Edifício Cinderela

A viagem de carro era sempre curta, morna e enjoativa. As curvas eram famosas, as de Santos, estrada velha. Na Serra era de costume achar uma ou outra queda d'água e apontávamos frenéticos, como boas crianças da cidade. Ouvíamos Roberto Carlos e cantávamos em coro 'chuva no meu pára-brisa'. Algumas vezes minha vó achava a fita de uma novela e torciámos para ser a fita Internacional. Mas não, era sempre a nacional, com muitas canções sertanejas.

Uma decepção muito grande me aflingia quando a neblina baixava e víamos a cidade nublada e um pouco fria. Mas não reclamávamos, pois a vó era de lua e podia se zangar. Quando já estávamos na cidade, São Vicente, os ouvidos desentupiam e podíamos sentir o gosto de sal nos lábios. Lembrávamos da vez que a vó esqueceu de por dinheiro trocado na carteira e não pôde pagar o pedágio. Demos risada.

Chegamos ao edifício. Era alto e de pastilhinhas azuis. Edifício Cinderela I. Pra quem mora em casa, prédio tem sempre um cheiro distinto. Parece que todas as pessoas de todos os apartamentos decidiram cozinhar as comidas mais fedidas ao mesmo tempo e o cheiro vazou pros corredores, escadas e elevador e lá decidiu morar para sempre. Levávamos as malar para cima e ao entrar no apartamento imaginei onde todo mundo iria dormir.
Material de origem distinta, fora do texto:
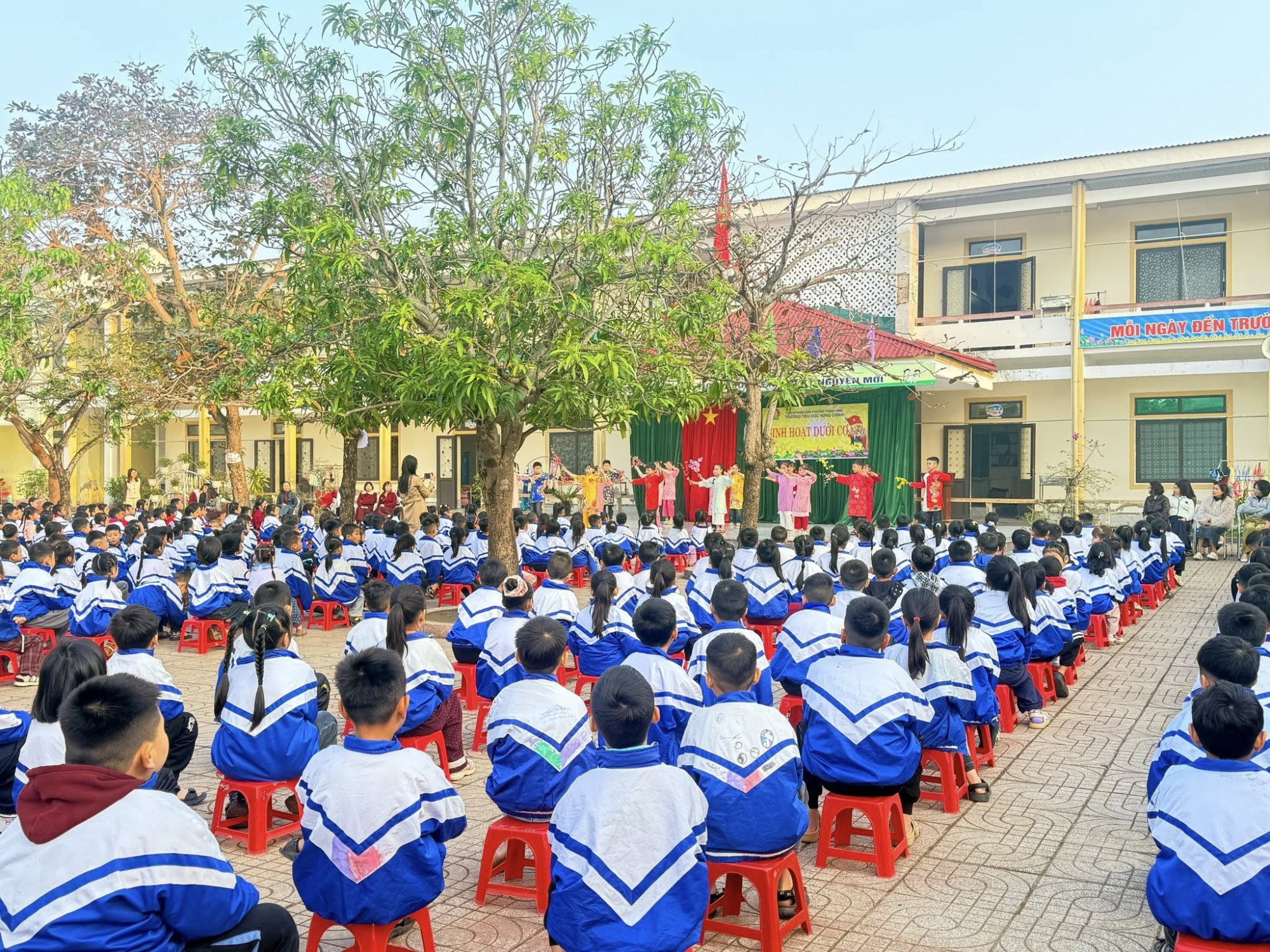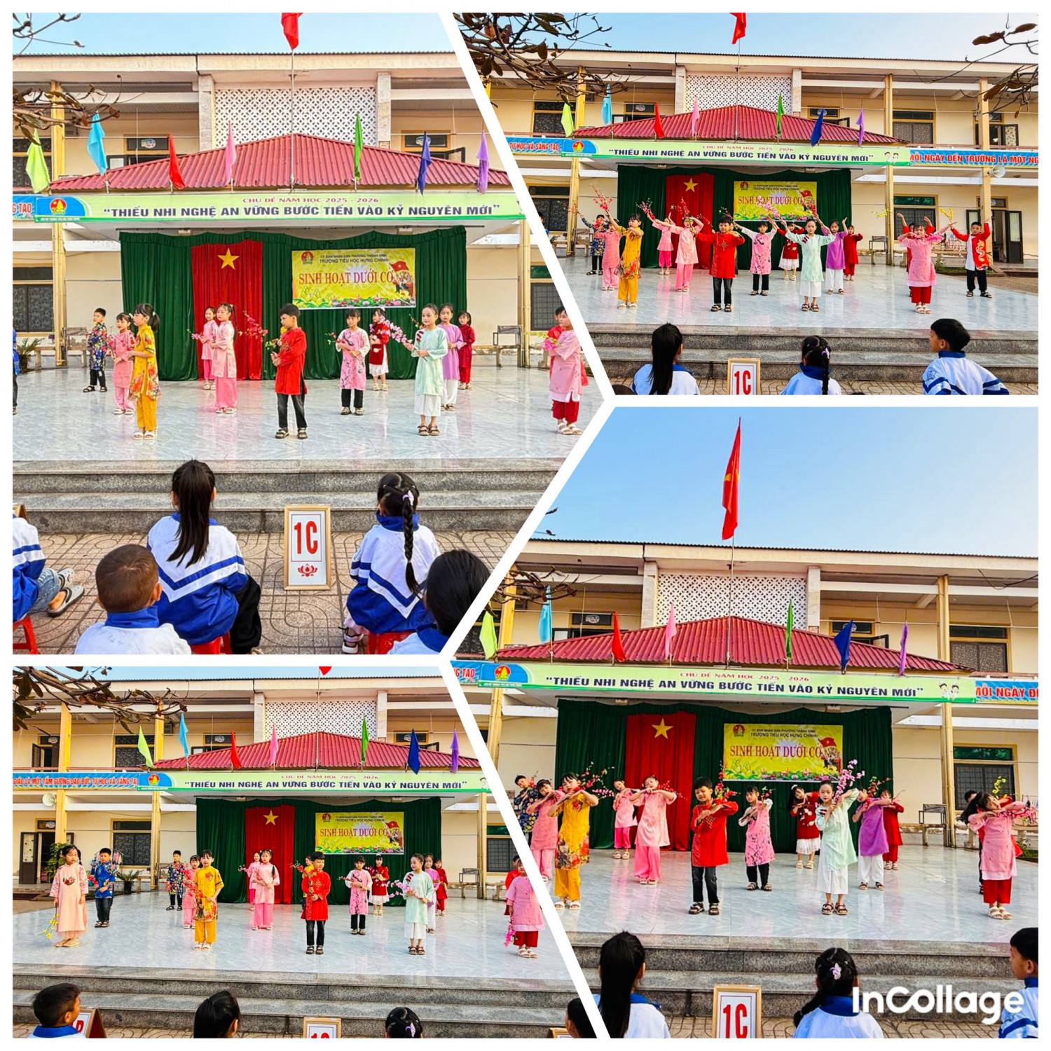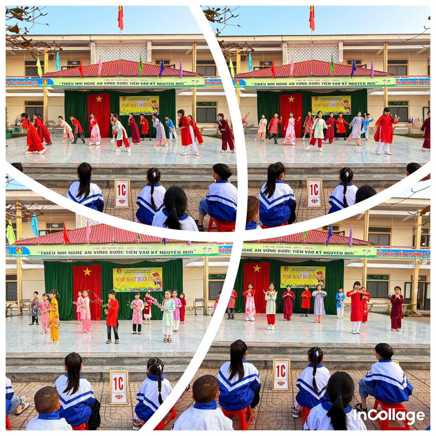 SINH HOẠT DƯỚI CỜ – RỘN RÀNG SẮC XUÂN Trong không khí tươi vui những ngày cuối năm, buổi sinh hoạt dưới cờ của thầy và trò Trường Tiểu học Hưng Chính trở nên rộn ràng hơn với những lời ca trong trẻo, những điệu múa uyển chuyển mừng xuân. Góp phần tạo nên không khí tươi vui của buổi sinh hoạt dưới cờ là các tiết mục văn nghệ mừng xuân do các em học sinh biểu diễn, bao gồm: “Tết ơi tết” - Do các bạn lớp 2C thể hiện “Một vòng Việt Nam” - Do bạn Anh Thư thể hiện “Tết đến thật rồi - Chuyện cũ mình bỏ qua” - Do các bạn lớp 4A trình bày “Tết đong đầy” - Do các bạn lớp 4D thể hiện Những giai điệu trong trẻo, những điệu múa uyển chuyển ấy đã mang mùa xuân đến thật gần với mái trường Tiểu học Hưng Chính.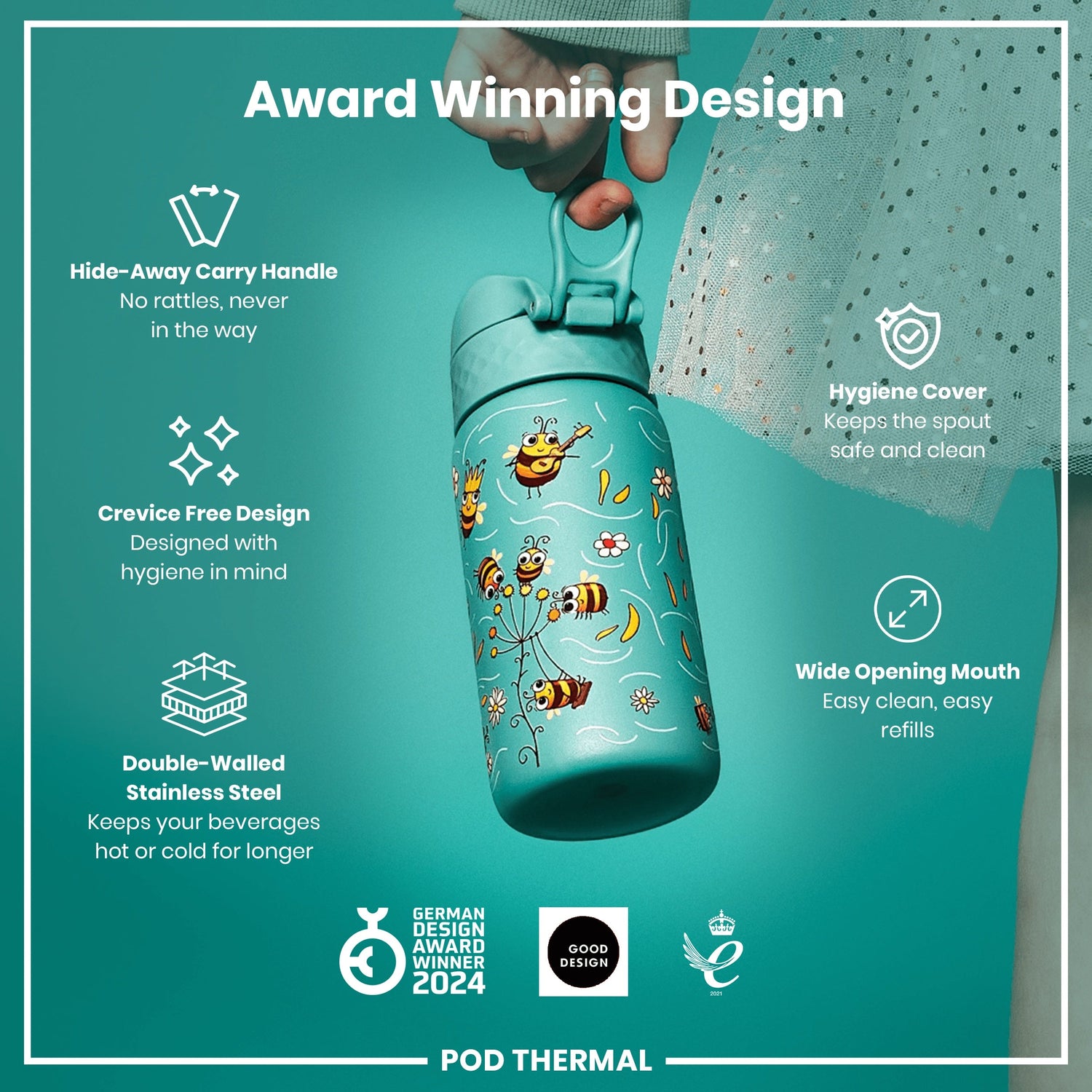 ION8 Leak Proof Thermal Steel Water Bottle, Insulated, Bees, 320ml (11oz)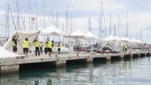 Alrededor de 150 personas trabajan desde la pasada semana en el montaje de la próxima edición del Palma International Boat Show, que se celebrará del 3 al 6 de junio en el Moll Vell de Palma. 196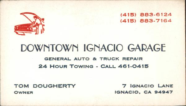 (415) 883-6124 (415) 883-7164 DOWNTOWN IGNACIO GARAGE GENERAL AUTO & TRUCK REPAIR 24 HOUR TOWING - CALL 461-0415 TOM DOUGHERTY 7 IGNACI O LANE OWNER IGNACIO, CA 94947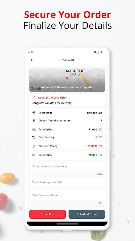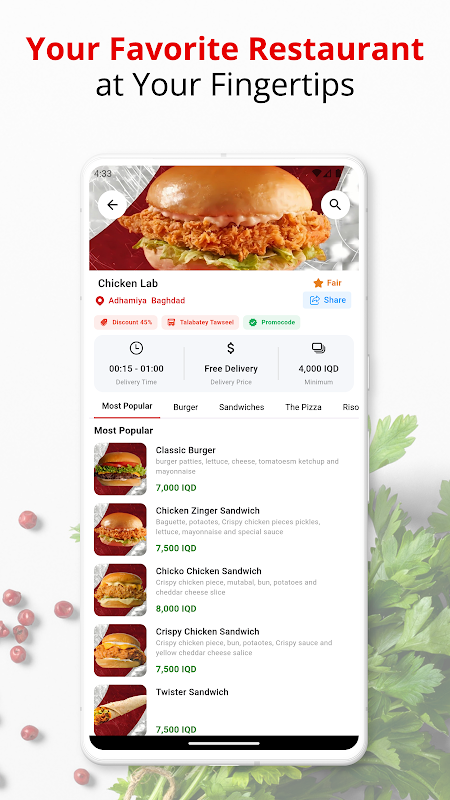 By using Talabatey application, you will be able to order any type of food you like from more than 1000 restaurants in Iraq and Sudan and in Syria.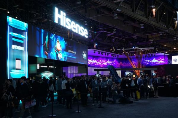 1月8日,在美国拉斯维加斯,人们参观海信展区。(新华社)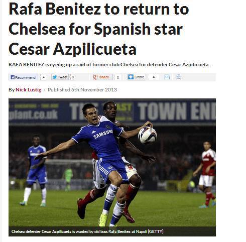 L’emergenza esterni in casa Napoli potrebbe essere risolta solo a gennaio, a meno che non arrivi qualcuno dal mercato degli svincolati. Tra i nomi che circolano con maggiore insistenza c’è quello di Cesar Azpilicueta, 24enne terzino destro del Chelsea che sta trovando pochissimo spazio con Mourinho (solo 3 presenze in Premier League per un totale di 31 minuti collezionati). Benitez starebbe pensando a lui, dopo che lo ha avuto lo scorso anno ai ‘Blues’ per sei mesi, periodo in cui il giocatore colpì molto il tecnico. L’ex Marsiglia, è arrivato a Londra nel 2012 per circa 8 milioni di euro. La scorsa stagione 27 presenze e un gran contributo alla qualificazione in Champions e alla vittoria di Europa League. Secondo quanto scrive il ‘Daily Star’, lo scarso impiego di Mourinho, potrebbe spingere l’esterno a cambiare aria. I mondiali in Brasile incombono e il giocatore rischia di perdere la Nazionale Spagnola.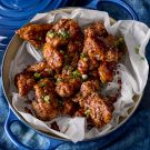 Boasting sweet and spicy flavors, the popular Japanese fried chicken known as chicken karaage makes a fantastic appetizer. This version is tossed with a spicy garlic soy sauce, developed in partnership with world-famous chef Masaharu Morimoto who is renowned for his innovative culinary style and unique fusion flavors. This recipe is easy to scale up when you’re serving a crowd and trust us, these savory, bite-size morsels will go fast! The chicken pieces are fried twice, the key to producing that irresistible, extra-crispy skin.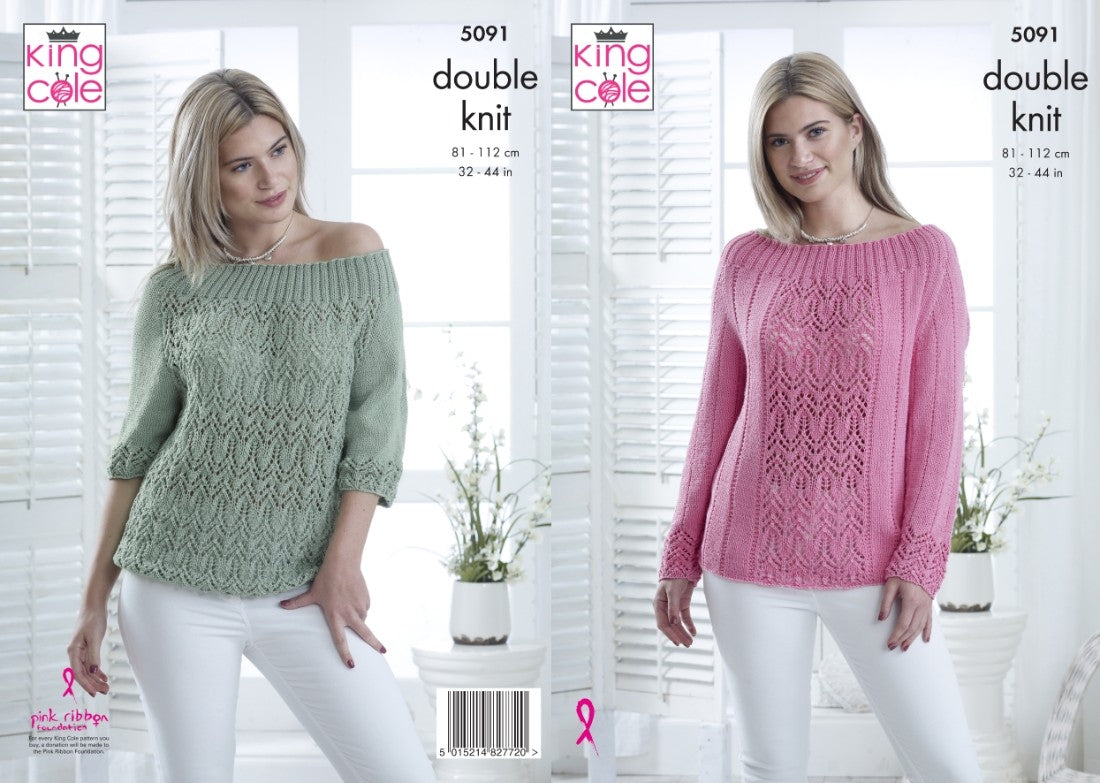 KC5091 Sweater and Top for Women in King Cole Bamboo Cotton DK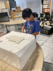今回の参加者は発泡スチロールとウレタンを使って椅子を作ってくれました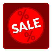 Czerwony tekst sprzedaży i procent banner. Czerwona ikona, tekstura i tło wektorowe w formacie kwadratowym.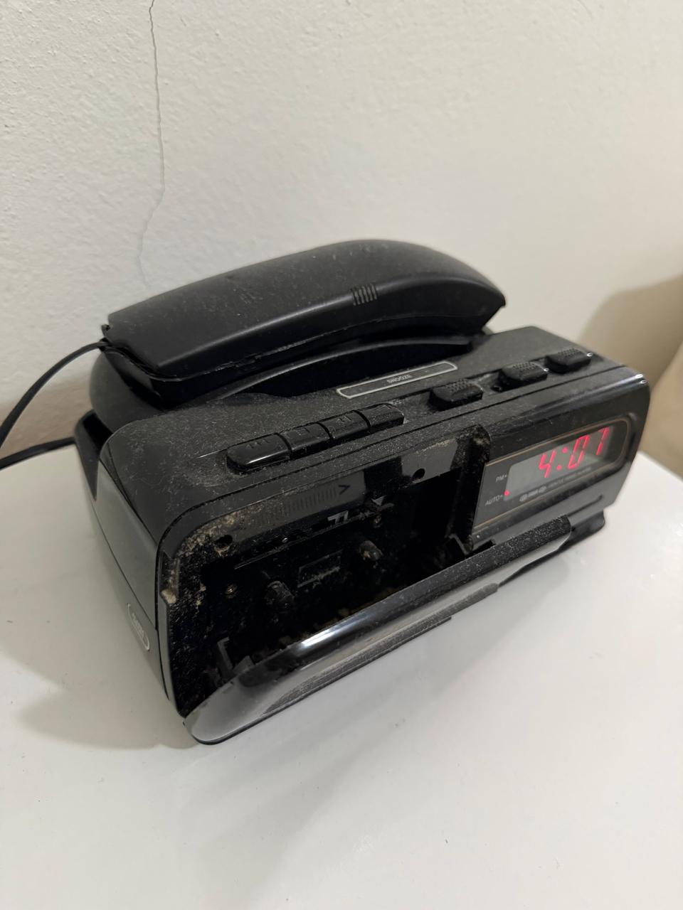 RÁDIO RELÓGIO – PARA QUEM GOSTA DE RELÍQUIAS – COM TELEFONE DE GANCHO + TOCADOR K7 — S086.43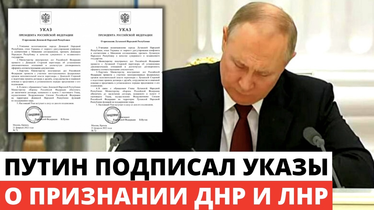 - 21 февраля 2022 года Владимир Путин заявил, что Россия признала независимость Донецкой и Луганской народных республик (ДНР и ЛНР). В этот день президент России подписал указы о признании Донецкой и Луганской народных республик (ДНР и ЛНР), а также договоры о дружбе, сотрудничестве и взаимопомощи с республиками. (см. видео)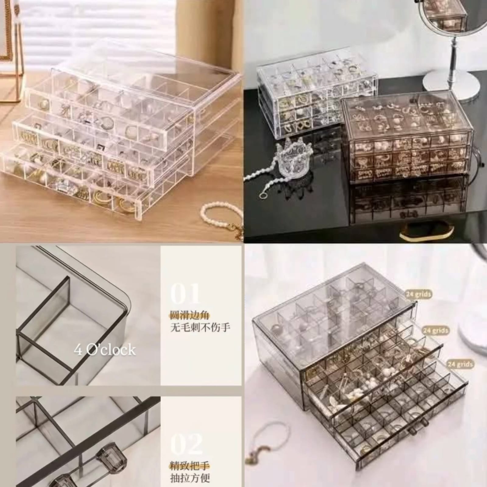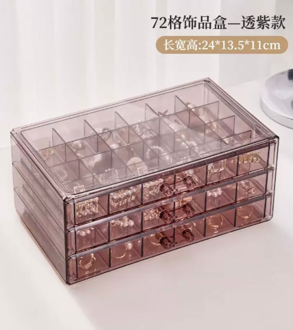 Transparent 3-Layer (72 compertments) Jewellery Organizer Box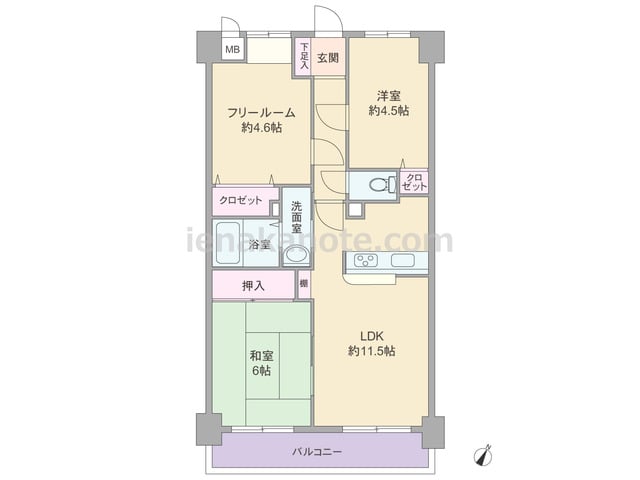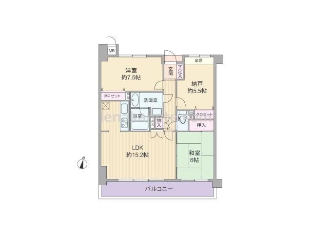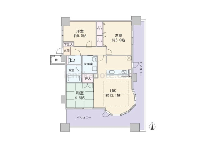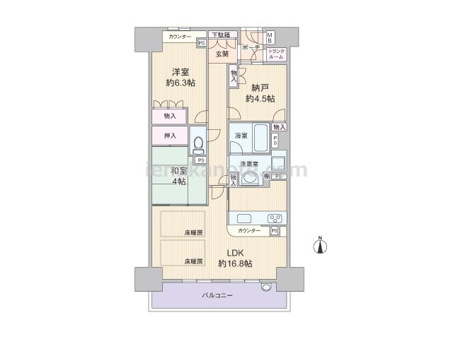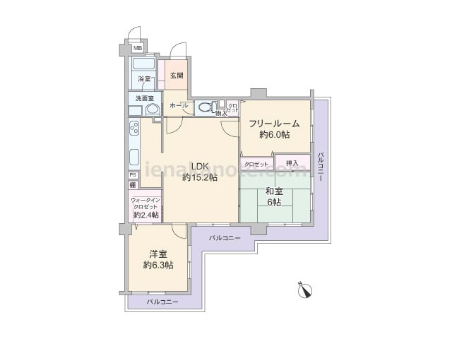 専有面積74.47平米の2SLDK。玄関前にアルコーブ付き。生活感を感じさせやすいキッチンは独立した配置で、リビングダイニングはくつろぎの空間を保つ事が可能。和室6帖は居室に利用したり、襖を開放すれば約18.0帖大のリビングダイニングとし...

Era sempre uma preocupação quando viajámos: quem iria dormir onde. Naquele caso, não tinhámos muita opção. Um apartamento kitchenete com o luxo de um minúsculo quarto era como os aposentos na torre da Gata Borralheira, com seus pequenos privilégios.

A cozinha era tão pequena, era só um corredor. Na sala. perto da janela, havia uma mesa bonita com quatro lugares. Pela janela se via um labirinto de prédios velhos, muitos deles de pastilhinha também. O mais próximo da gente era o Cinderela II, que cobria toda a vista para o mar, mas sobrava uma pontinha de oceano dentre edifícios.

Havia uma parede de cortiça, um sofá cama e uma televisão. Depois de acharmos uma barata morta no banheiro, a vó levou a gente pra comer pastel.

Não estava calor, mas o corpo ficava mole e grudento mesmo assim.

Eu pedi um pastel de pizza e coca cola. Minha vó me mandou ajeitar a postura e aconselhou que eu não tomasse mais coca-cola, senão iria para sempre ter aquela barriga estufada e perna fina. Além disso, ela perguntou se havíamos passado protetor solar no rosto. Ela era sábia, loira e de unhas vermelhas. Era a minha vó. Pensei que aquilo tudo era uma chatice, mas agora, muitos anos depois, entendo o quão importante é ter uma postura ereta, barriga chapada e sem manchas ou rugas de sol no rosto.

Depois fomos andar na praia e descobrimos que a água estava imprópria para banho, coisa fácil de se notar, pois numa quebradeira de ondas, onde muitas pedras se amontoavam, vimos uma gigantesca família de ratos grandes e pretos. Aprendi que mulher de marinheiro não tem medo de rato, pois como ela vive no porto e o marido está sempre em alto mar, é ela que, sozinha em casa com as crianças, tem que matar os ratos que vem atormentar.

Vimos um menino brincando no canal. O canal era mais sujo que o mar em si e minha vó disse que ele iria pegar hepatites na certa.

À noite fomos passear na feirinha onde comi um brigadeiro gigante e fui descobrir que era feito de farinha e joguei fora. Vimos mais daqueles ratos pretos e decidimos voltar para o Cinderela I.

À noite, meu irmão passou mal de asma e teve que fazer inalação. Senti pena dele, assim como ele sentia de mim quando era a minha vez de ter asma.

Na manhã seguinte, eu e minha prima andamos de patins no prédio e jogamos palavras cruzadas.

Pensei que iríamos fazer castelos na areia e nadar no mar até cansar. Mas bem que andar de patins era divertido, até a minha prima se queixar de fatiga e termos de subir.

Estava na hora de ir pra casa e no caminho de volta vimos um prédio enclinado para frente, como se estivesse lentamente caindo. Minha vó nos contou que era por causa dos moluscos que moravam em baixo do prédio. Eles se moviam e um dia, mais cedo ou mais tarde, o prédio iria cair. Torci para que não caísse quando estivéssemos por perto, fazendo efeito dominós até alcançar o Cinderela I.

Quando subíamos a Serra, a música do Roberto tocou de novo, a mesma música, no mesmo lugar.

Imaginei por que o prédio Cinderela se chamava Cinderela e adormeci pensando nos ratos.